Emulsion Leader – Unlike plastic leader, emulsion leader can be cement spliced.

Emulsion Type – A film’s emulsion type refers to the composition of its emulsion, whether it was manufactured to be fast, slow, grainy, fine-grained, colorful, pastel, black and white or color, daylight balanced, tungsten balanced, etc. The emulsion type is represented by a number. For Kodak it is a series of four numbers, such as 7248. The “72” always stands for 16mm camera stock, and the same emulsion type is found in 35mm as 5248, “52” being the designation of 35mm. Fuji uses a system where the film’s emulsion type is a little more telling, such as 250D, which is daylight balanced film with an Exposure Index of 250. When picking out a stock to use the film speed, and in the case of color film, whether the film is daylight or tungsten, are the primary reasons for choosing a certain emulsion type. Allowances might also be made to achieve a certain look, as in using Kodak Vision, or Fuji film. Several different emulsion types are usually used on a project, fast for night scenes, slow for daylight scenes, etc. However, unless you are trying something novel, it is a good idea to shoot a single unbroken sequence with one emulsion type.

E.S. – Abbreviation for Editorial Sync.

Eye Line – Eye line is the direction an actor should look off-screen to match a reverse angle or a P.O.V. shot. It is best to give the actor an actual thing or spot to look at rather than a blank spot on an empty wall or an empty space in mid air.

Estar Base – a brand name for Polyester Base.

Exciter Lamp – A special lamp in the projector used for the playback of Optical Sound. The projector reads the track by passing it between the exciter lamp a light-sensitive photo-electric cell.

Exposure Index – This is the sensitivity to light of a particular type of film. It is the specific number used to measure Film Speed. Your film will list an E.I. number on the box or the film can as the film speed. It is the same as A.S.A. and I.S.O. on your light meter.
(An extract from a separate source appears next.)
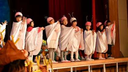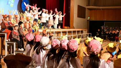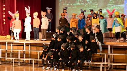 学芸会の練習風景、写真は1年生です。グループごとに衣装や小道具が分かれていて、元気にセリフを言っていました。

Extension Tubes – These are a handy way to turn any long lens into a macro lens for ultra-close shooting. They are hollow metal tubes that are mounted between the camera and the lens. Typically they come in a set of different lengths which can be combined. It is a good idea to open up the lens a little when using an extension tube, as a little light is lost. It should be noted that they do not work when used with wide lenses.